There are four major evolutionary algorithms:

  • Genetic Algorithms
  • Genetic Programming
  • Evolutionary Programming
  • Gene Expression Programming

In today's talk, we will cover the first two.

What Are Evolutionary Algorithms?

Evolutionary algorithms are great at solving a particular type of problem:

  1. Gigantic search space
  2. Known way to score answers
  3. The solution is too complex to do by hand
  4. We expect that known tools can achieve a solution

Evolutionary algorithms also perform extremely well when the environment (and thus the best solution) changes regularly.

Good Applications

Good uses for Evolutionary Algorithms: NP-Hard problems.

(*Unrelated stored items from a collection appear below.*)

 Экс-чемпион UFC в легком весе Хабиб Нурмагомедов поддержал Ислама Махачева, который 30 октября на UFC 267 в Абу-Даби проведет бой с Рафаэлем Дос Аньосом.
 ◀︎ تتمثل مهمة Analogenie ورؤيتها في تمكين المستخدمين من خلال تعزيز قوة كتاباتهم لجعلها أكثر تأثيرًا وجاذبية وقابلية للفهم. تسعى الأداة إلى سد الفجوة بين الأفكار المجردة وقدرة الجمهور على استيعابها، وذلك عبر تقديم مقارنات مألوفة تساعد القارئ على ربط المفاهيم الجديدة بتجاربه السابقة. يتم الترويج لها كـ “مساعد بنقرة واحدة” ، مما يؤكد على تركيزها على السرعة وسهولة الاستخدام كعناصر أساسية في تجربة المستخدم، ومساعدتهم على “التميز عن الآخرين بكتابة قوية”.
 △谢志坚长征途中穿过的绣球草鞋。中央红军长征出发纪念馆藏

  • Optimization problems: min/max, circuit layout, Traveling Salesman Problem, Knapsack Problem
  • Machine learning: building weights for neural nets, rules for classifiers, or training sensors
  • Economic models: bidding strategies (e.g., portfolio bidding), game theory
  • Ecological models: host-parasite co-evolution, symbiosis, resource flow

Evolutionary Algorithms help solve min-max problems and can avoid hill-climbing issues.

What Are Evolutionary Algorithms?

Evolutionary Algorithms tend to solve hill-climbing problems:

Many algorithms tend to get stuck at local maxima/minima; EAs often don't.

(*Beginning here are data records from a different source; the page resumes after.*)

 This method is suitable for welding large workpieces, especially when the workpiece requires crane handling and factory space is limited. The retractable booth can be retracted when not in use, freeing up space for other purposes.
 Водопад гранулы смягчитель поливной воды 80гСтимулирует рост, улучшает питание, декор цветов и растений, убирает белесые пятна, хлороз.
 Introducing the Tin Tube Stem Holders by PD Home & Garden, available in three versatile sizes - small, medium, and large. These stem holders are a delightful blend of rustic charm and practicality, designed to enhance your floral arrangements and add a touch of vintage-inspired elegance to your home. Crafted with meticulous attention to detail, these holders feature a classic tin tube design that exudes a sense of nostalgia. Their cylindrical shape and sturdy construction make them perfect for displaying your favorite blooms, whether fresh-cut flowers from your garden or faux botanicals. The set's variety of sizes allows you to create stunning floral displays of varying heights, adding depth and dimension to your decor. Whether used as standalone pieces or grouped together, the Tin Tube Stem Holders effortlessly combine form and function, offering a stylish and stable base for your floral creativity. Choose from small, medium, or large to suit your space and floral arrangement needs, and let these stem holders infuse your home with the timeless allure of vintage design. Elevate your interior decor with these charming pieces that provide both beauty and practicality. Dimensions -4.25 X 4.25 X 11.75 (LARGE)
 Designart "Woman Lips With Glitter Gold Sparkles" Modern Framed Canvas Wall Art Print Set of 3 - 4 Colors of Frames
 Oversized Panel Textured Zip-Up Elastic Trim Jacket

Heuristics For Good Solutions

There are several good solution heuristics:

  1. Correctness – We can find the a priori correct solution.
  2. Consistency – Repeat the problem, repeat the answer.
  3. Justifiability – Cause implies effect.
  4. Certainty – Chance should not be part of the solution.
  5. Orderliness – The process is a logical, step-by-step process in which each step leads to the next.
  6. Parsimony – Simpler is ceteris paribus better.
  7. Decisiveness – Once a solution is found, the problem is solved.

Evolutionary algorithms guarantee zero of these properties.

What Are The Limitations?

Going further, evolutionary algorithms have a number of limitations:

  • No guarantee of a solution
  • No guarantee of good performance in reasonable time
  • Answers will likely differ each run
  • Often hard to tell when to stop
  • Can still get stuck at a local min/max
  • Solutions are not parsimonious

But...they do tend to get the job done.

Agenda

  1. Genetics Crash Course
  2. Genetic Algorithms
  3. Genetic Programming

Genetics Crash Course

Evolutionary Algorithms are modeled after simplified forms of biological processes.

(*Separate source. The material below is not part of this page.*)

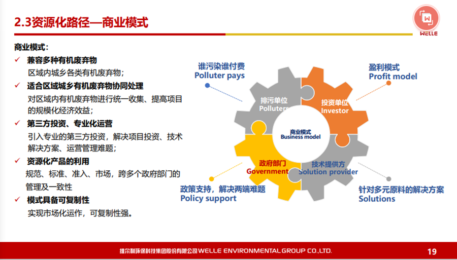 當前,有些城市對餐廚垃圾并不是分得特別清楚。如在紹興和上海,主要是餐廚協(xié)同處理。而在有些地方,比如荊門,餐廚垃圾和污泥協(xié)同處理,這樣使得厭氧反應和有機物都會大大加強,這也是我們這幾年積累的一些經(jīng)驗。在農(nóng)業(yè)農(nóng)村有機廢棄物處理方面,特別要講的是和杭能的合作。創(chuàng)始人蔡昌達先生是農(nóng)業(yè)沼氣領域的老人,深耕行業(yè)四十多年。維爾利與杭能深度合作后,幫助我們在這個行業(yè)里建立起了行業(yè)地位??偨Y起來,無論是在預處理技術還是厭氧處理,沼氣儲存和利用,以及深度延伸的產(chǎn)品開發(fā),都有新的技術或者產(chǎn)品。尤其是這幾年,我們通過數(shù)字化提升了整個設計、裝備制造、運維的管理能力,有機會也可以和大家做深度交流。僅僅看沼氣,大家還是覺得收益不能保證,尤其算賬不一定能算得過來。即使現(xiàn)在有碳減排的收益,但是要真正形成交易,變成真金白銀也不是那么容易的事。對此我們也做了新的探索,比如對于有機固渣、食用蛋白,或者是做一些食用蛋白的研究,這塊是值得探討的。中國在飼料蛋白這塊缺少量是非常大的,所以有一些機會。但是真的規(guī)?;\行以后,食用蛋白的標準是不是能夠作為大規(guī)模飼料的原料,還需要做一些探討。目前,我們和國外一些有規(guī)模的機構也在進行一些合作,在國內(nèi)做現(xiàn)代化大規(guī)模養(yǎng)殖的示范項目。其他的一些應用,如肥料化的應用也在做探討,甚至我們在做農(nóng)業(yè)示范園區(qū)的實驗,更多是希望在最終產(chǎn)品的出路上做一些嘗試。在商業(yè)模式上,我們企業(yè)也需要做一些思考。無論是和投資機構、投資人,或者是排污企業(yè)、政府、技術設備供應商等,我們怎么通過共贏的模式創(chuàng)新,能夠形成一些深度的商業(yè)合作?這塊我們也在做不同的思考。環(huán)境保護涉及到一些新的能源,結合鄉(xiāng)村振興,一、二、三生態(tài)聯(lián)動,也給我們這個行業(yè)帶來非常多的機會,需要企業(yè)或者在座的專家同仁一起探討,共同發(fā)聲,才能夠把行業(yè)做得更好。在上海的松江、老港、金山、嘉定等濕垃圾處理項目,我們都作為技術設備供應商EPC深度參與。另外,像維爾利紹興市循環(huán)生態(tài)產(chǎn)業(yè)園(一期)PPP項目,最近可能廚余還要擴大四倍。這塊的產(chǎn)品是以沼氣為主,已經(jīng)做了生產(chǎn)線,但是還沒有進入商業(yè)運行。這些項目相對來說還沒有真正帶有垃圾分類的本質。對于大城市現(xiàn)在還是以無害化為主,如果未來要到更好的資源化,跟農(nóng)業(yè)結合的可能更有前景。整個產(chǎn)業(yè)園餐廚廚余垃圾有天然氣的回收,整個項目協(xié)同了以后效益還是比較好的。典型案例—農(nóng)業(yè)有機廢棄物資源化在農(nóng)業(yè)項目方面,我們在梁家河農(nóng)業(yè)部推了“果沼畜”,對促進高品質農(nóng)業(yè)發(fā)展有非常好的作用。另外,我們在“黑龍江德潤項目”做了以秸稈為原料的大型沼氣項目,山東民和牧業(yè)(二期)4.2萬方生物天然氣項目,包括雞糞、秸稈等等項目,這些項目在國內(nèi)都有比較好的示范作用。典型案例—城鄉(xiāng)混合原料有機廢棄物資源化我們在徐州國新做了生物天然氣項目,原料有秸稈、餐廚垃圾、糞便等等,這種項目要協(xié)同處理,未來競爭力相對比較強,包括原料的成本、出資費用等都是有保障的,能夠把環(huán)保和能源化利用進行深度結合。中廣核衡水混合原料10萬方生物天然氣項目等,都在國內(nèi)有比較好的示范作用。王凱軍老師講到,國家發(fā)改委支持了64個大型規(guī)?;锶細庠圏c項目,我們總共做了22個。這些項目的建設問題不是很大,但是在運行方面,尤其是如何能夠盈利地運行,確實是有些問題的。我們后來做 的“廣西武鳴”項目,工業(yè)原料原來做的是木薯花,后期原料供應不足,只好通過買其他原料來解決。從運營上來說,需要非常多的資源調(diào)配,最終有可能給一些政策,能夠把餐廚、廚余垃圾建設起來,項目才能盤活。類似這樣的項目,我們希望能夠在各位的支持下能夠運行起來。起碼自己建設的一些項目能夠運行起來,真正地做成示范標桿。實際上,項目原料是多元的。但是從投資以及收益來說,復盤以后算下來,如果后面增加碳減排的設計,這種項目收益就非常好?,F(xiàn)在還不能直接作為經(jīng)濟補償,但是起碼現(xiàn)在收益可以達到6%,也可以到8%或者10%。這種項目未來是有預期的,各地環(huán)境集團會大面積地來推廣。我們認為在央企、國企的帶領下,這樣的項目既能夠承擔國家責任,又能夠把產(chǎn)業(yè)帶動起來,具有很好的示范作用。下面再分享一個案例,我們和優(yōu)然做了幾個項目,現(xiàn)在奶牛行業(yè)的牛糞、沼渣,原來大部分都是用耗氧堆肥做處理,現(xiàn)在通過厭氧以后,沼渣進一步做回收,收益也還可以,現(xiàn)在也有深度的合作,項目生產(chǎn)包做起來以后,能夠做一個3A的平臺。總的來說,這些項目要實現(xiàn)盈利,確實相對比較艱苦。但是我們相信,隨著國家推綠色、綠電、綠氣,或者碳減排政策逐步出臺,這個行業(yè)會越來越好。

Creative Commons. Author: John Gould

Genetics Crash Course

Organisms have chromosomes, whose purpose is to carry genes. In Evolutionary Algorithms, "organisms" (candidate solutions) typically have one chromosome.

Creative Commons. Author: Merlin G. Butler, et al.

Genetics Crash Course

Genes make up DNA sequences called genotypes. Each gene has a number of alternative forms, called alleles.

Creative Commons. Courtesy: National Human Genome Research Institute.

Genotypes are possible genetic structures. Given 2 alleles for each of 32 genes, we would have 2^32 or 4,294,967,296 genotypes.

Genetics Crash Course

Phenotypes are observable physical characteristics based on specific genotypes. This might be coloration, height, size, or beak structure.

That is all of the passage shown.